Hollywood loves a bogeyman. In the 80s, films like Red Dawn and Rocky IV had antagonists in the Soviet Union. The internet, climate change, and terrorism are also drawn upon to provide villains. In the 2020s, AI has taken up that mantle. We’ve already seen Tom Cruise chase The Entity in the latest Mission: Impossible instalment, and now Rogue One director Gareth Edwards takes it one step further in The Creator.
It’s set sometime in a future where a war between America and AI has raged for years following the nuclear destruction of Los Angeles. John David Washington plays Joshua, a former Special Forces agent grieving the loss of his wife (Gemma Chan) and unborn child during a mission. Lured back into service by a vision from the past, Joshua is assigned a mission to find a new AI weapon that threatens to end the war permanently.
When he finds that the weapon is an AI in the form of a child he calls Alfie (Madeleine Yuna Voyles), his priorities shift. It’s a novelty to see a big budget action movie formed from an original piece of writing, and Edwards builds his world beautifully. From the opening news footage that explains the geopolitical situation, to Joshua and Alfie walking around a world that feels alive with detail.

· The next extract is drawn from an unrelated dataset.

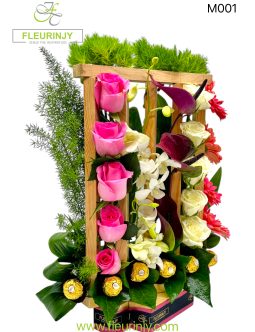 WOODEN FRAME DESIGN INCLUDING: 3 ANTHURIUMS 4 SWEET William 10 ROSES 4 GERBERA GREENS 6 PIECES ROCHER CHOCOLATE SIZE: 35 X 50 CM

Visually and structurally, it’s engrossing to watch, grounding the mass spectacle in human stories. That skill has been a hallmark of Edwards’ storytelling since his breakthrough film, 2011’s Monsters. The story doesn’t always live up to the same standard. The script, co-written by Edwards and Rogue One writer Chris Weitz, treads familiar ground as American imperialism, parenthood, and grim dystopian themes provide the backbone of the plot.
Perhaps it’s inevitable for The Creator to have shades of the Terminator films, as well as some similarities to The Last of Us and The Mandalorian, but in this instance these famous films feel uncomfortably alike. That said, it’s never anything less than earnest, thanks partly to a cast that works hard to add heart to the mechanics. Washington has shown many times that he’s capable of carrying a film of this size, and is striking as a man driven by a very personal mission.
Madeleine Yuna Voyles is superb as his young companion, making Alfie a cyberpunk Baby Yoda that embodies everything hopeful in the story. Top class support comes from Edwards regular Ken Watanabe, playing an AI revolutionary, as well as Allison Janney relishing a different kind of role as the ruthless American General Howell.
The dark tone and familiarity may be off-putting, but there’s plenty to love about The Creator. After having his version of Rogue One re-edited, it’s compelling to see Gareth Edwards make exactly the type of film he wants, delivering a vision that will stick in the memory of sci-fi fans.